I find that I need a larger size L-Shaped desk. I have two monitors, and to keep some writing space, an inbox, and area for a phone, etc., it is a must. One thing I would say, once you get a new desk, it is not easy to replace it. So get what will fit and what you think you may use.


----------



## reformedminister (Sep 9, 2013)

I would pray about it and then look on Craigslist. I was needing one too over a year ago. I found a beautiful, heavy, Mahogany Desk that I paid only $100 for. It would cost at least $1, 500 new, and it is in terrific shape. A Baptist minister had previously owned it. I liked it so much I put it in my study at home and put my nice oak desk in the Pastor's Study at Church.


----------



## Backwoods Presbyterian (Sep 10, 2013)

To give you a better idea of what kind of space I am looking at for the new desk, whether it be an "executive" style or a "writing" style, I took some pictures of 1) the Old Desk, 2) the room itself. The first picture of the room shows where I have my table set up and probably where I would put a "writing" style desk if I go that route.

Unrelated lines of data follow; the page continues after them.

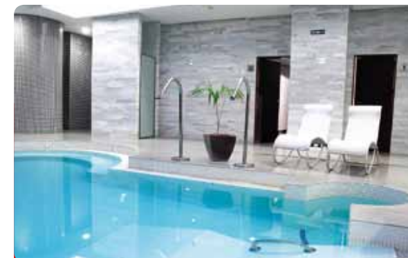
Un día en el Yacht Club Cala d'Or
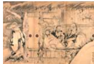
曾我蕭白《竹林七賢図》(部分) 旧永島家模絵 三重県立美術館蔵 重要文化財

※都合により予告なく展覧会名、内容の一部が変更となる場合がありますのでご了承ください。
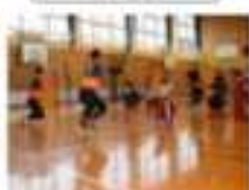
※専門講師、地域の方
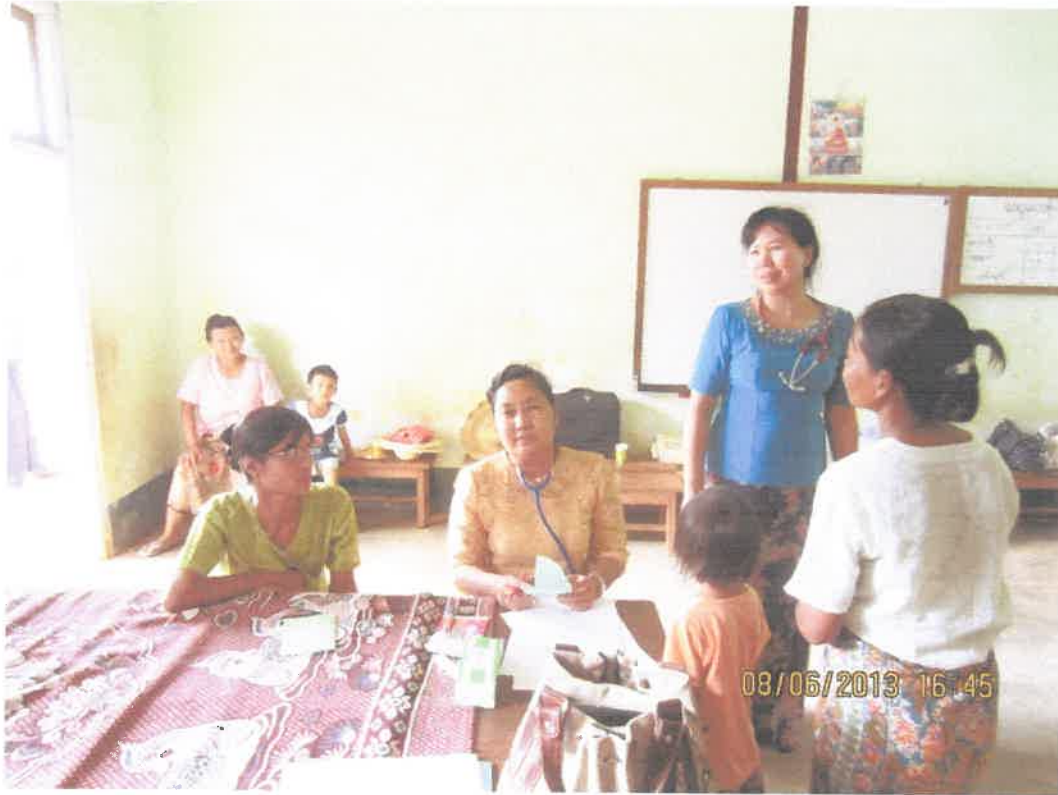
တောင်ကြီးမြို့၊အင်းလေးဒေသ၊နွားမေတောင်ကျေးရွာ ကွင်းဆင်းဆေးကုသမှုမှတ်တမ်း (၈.၆.၂၀၁၃)
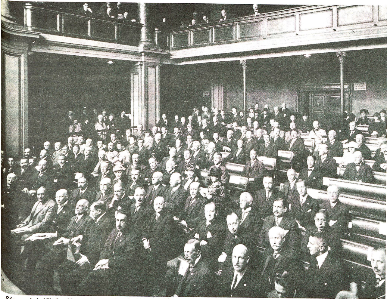
Séance de la XII e Conférence internationale de la Croix-Rouge à l'aula de l'Université de Genève en octobre 1925.

aboutissent non pas à une véritable fusion organique, mais à la création d'une association statutaire dans laquelle le CICR, la Ligue et les Sociétés nationales allaient constituer ensemble la Croix-Rouge internationale.
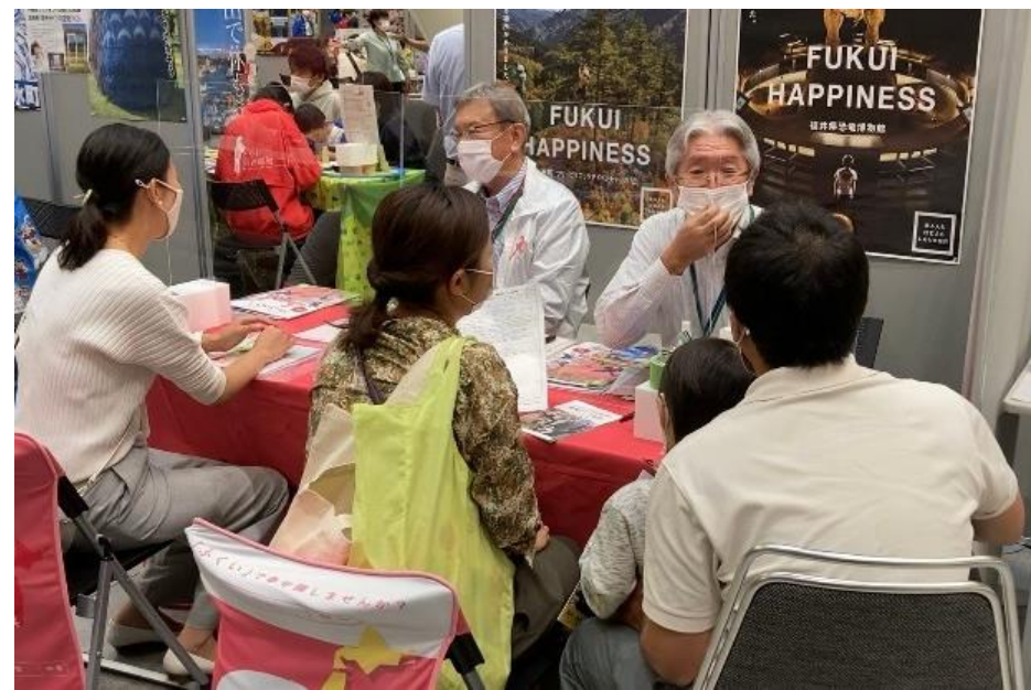
【移住相談イベント等の開催（イメージ）】
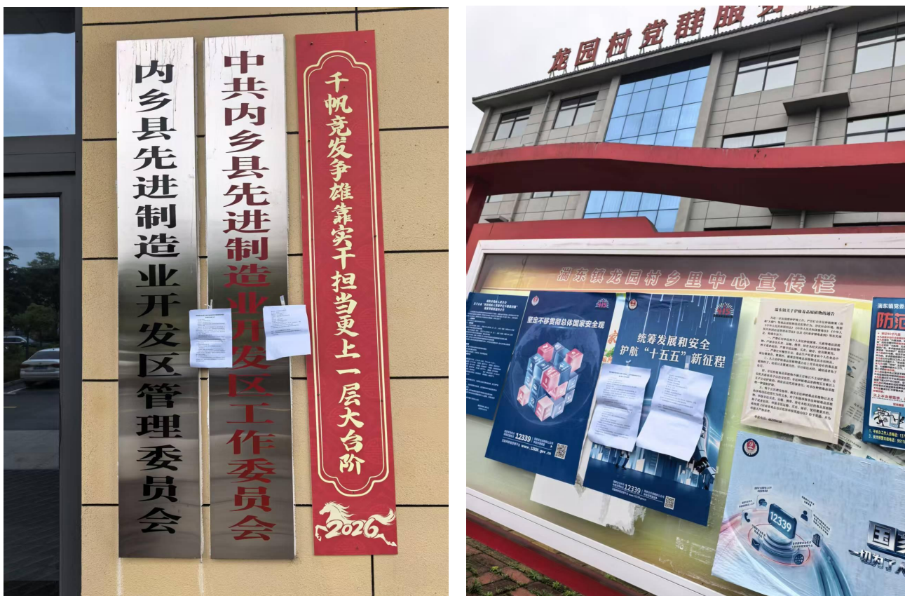
图 4 张贴公告

南阳锋源环保有限公司医疗废物处置项目于 2026 年 4 月 27 日，在内乡县先进制造业开发区及龙园村（后李岗等周边村庄所属行政村）张贴公告，张贴位置为项目所属开发区管委会及龙园村村委会。公示日期为 2026 年 4 月 27 日-2026 年 5 月 9 日（10 个工作日），具体见下图。

The second picture of the room shows where the old desk sat, right in front of the door with the step (where the chair is now). The dimensions of the old desk are 36"D x 66"W x 29"H. The room itself is 14' x 18' with a door on each wall, yet certainly not "uniform". 

Thanks again for all y'alls help.


----------



## Backwoods Presbyterian (Sep 10, 2013)

Also, just as an FYI, this room also needs to be used for Wednesday Bible Study. As any small church with limited space rooms must have multiple uses.


----------



## Backwoods Presbyterian (Sep 10, 2013)

bump


----------



## JM (Sep 11, 2013)

A friend of mine was given a very large, old communion table with a burning bush on the front, he covered the top with glass and uses it for his desk. It looks awesome. All his sermon prep is done on this old table.


----------